Monday, March 18, 2013

Sometimes, Running a Business Stinks

The past 72 hours been a pretty wild ride. And it's highlighted some of the less glamorous aspects of running an online business. I think things are starting to stabilize this afternoon, but I'm pretty exhausted from the experience.

Things Were Running Smoothly When...

Friday was a pretty normal day. Quiet, even. Most of the day was spent working on plot development for NEO Scavenger. The day didn't go without it's hitches, but as days go, it was nothing unusual. I was happy to finish the day with some plot knots to untie over the weekend, so I wrapped-up, had some dinner, and Rochelle and I went bowling with some friends.

The next morning, I was pretty excited to see a sudden spike in traffic in my logs. NEO Scavenger was mentioned in a post apocalyptic survival reddit post, and dozens of folks were popping by the site to check out the game. Cool!

Site Maintenance

Except, my ISP was doing scheduled maintenance early Saturday morning. It wasn't until I tried loading that I realized it was down.

5-day Site Visitor Graph: Hourly

Well crap. That stinks. Just as a bunch of new folks are drawn to check out my game, the site goes dark. And worse, dark for close to 12 hours.

"Oh well, " I said. It's a bummer, but nobody's fault, really. I mean, I guess I could blame myself for not having a redundant server or something, but I'm not that high tech (or deep-pocketed). I decided to just live with it. Besides, friendly Reddit server take-downs were nothing new. Folks probably would just figure my little server was flooded temporarily.

Site Flakiness

Later that day, was back up and running. I did my usual email and forum check, to verify nobody was reporting any issues. And all seemed clear.

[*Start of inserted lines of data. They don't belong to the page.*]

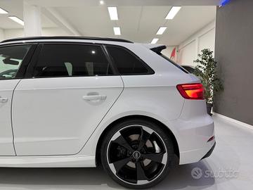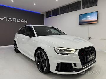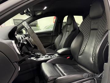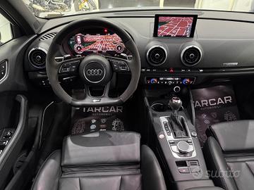 Sedili in pelle traforata a guscio RS riscaldabili, impianto audio Bang&Olufsen, Audi Virtual cockpit Plus, chiave Keyless, accensione a pulsante, sistema di navigazione MMI Plus, sistema di ausilio al parcheggio plus, Audi pre sense front con riconoscimento pedoni, paddle F1, volante base piatta alcantara e pelle, battitacco retroilluminato RS3, pedaliera sportiva in acciaio, pacchetto carbonio su cruscotto e portiere , look esterno nero, scarico sportivo RS, cerchi rotor “19, fari Matrix, sblocco limitatore a 280 km/h, vetri privacy e tanto altro...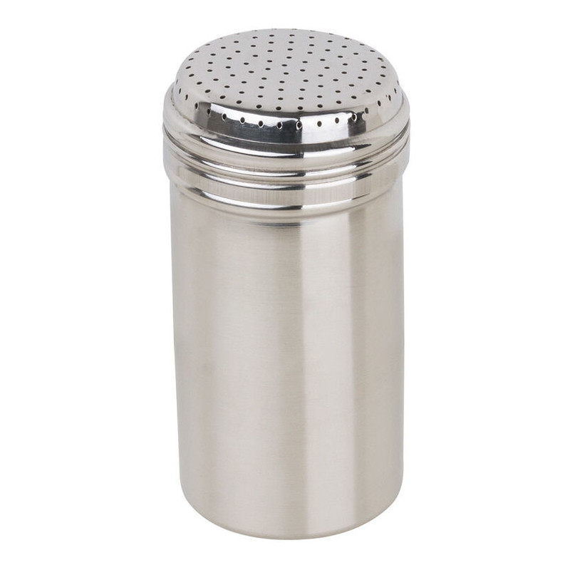 En acier inoxydable (la cascade, la vis sans fin et la carrosserie) Perforations : 1,5mm Idéal car couvercle vissant est perforé, ainsi que les bords pour un saupoudrage précis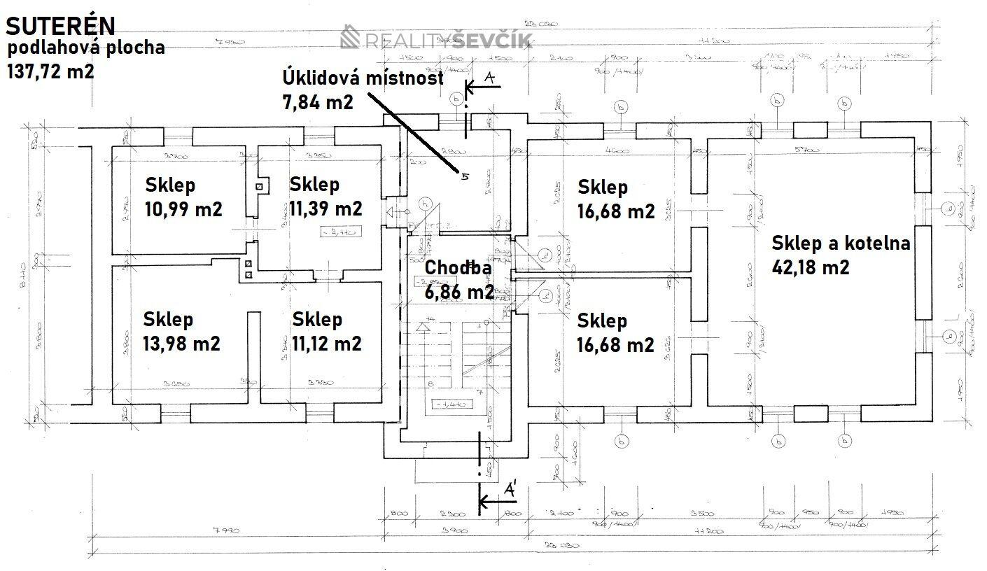Suterén (137 m²): skladovací prostory, výměníková stanice, technické zázemí, úklidová místnost

Except for one thing: every other page load seemed to turn up blank. No error message, no content, nothing. Just a blank white screen. Refreshing the page seemed to fix it, so I figured it was a temporal thing. "It'll sort itself out."

No, it won't. The following day, I was replying to a customer having issues with NEO Scavenger on their Mac, and it was still happening. Happening everywhere. Sometimes it was a content page on the site. Other times it was a forum. Even some of the site admin pages were failing. And as before, usually a reload would fix it. But the reloading was becoming less and less reliable. Sometimes, I had to reload the page 4-5 times to see anything. And if my customers were seeing the same thing, then that was unacceptable.

The White Screen of Death

I decided to dig into the issue a bit more. I started searching for related issues on the web, and was initially happy to see others reporting the same issue. Blank screens in Drupal (the content management system I use, v6.28) were pretty common. Maybe finding a solution will be easy?

However, upon further investigation, I was less happy to discover I had the same problem. This problem, as it was known to the Drupal community, was the "White Screen of Death."

The WSOD is a common issue with Drupal, but it doesn't have a common solution. In fact, there are almost as many causes of the WSOD as there are Drupal installations, and finding the right one for you can be a real quest.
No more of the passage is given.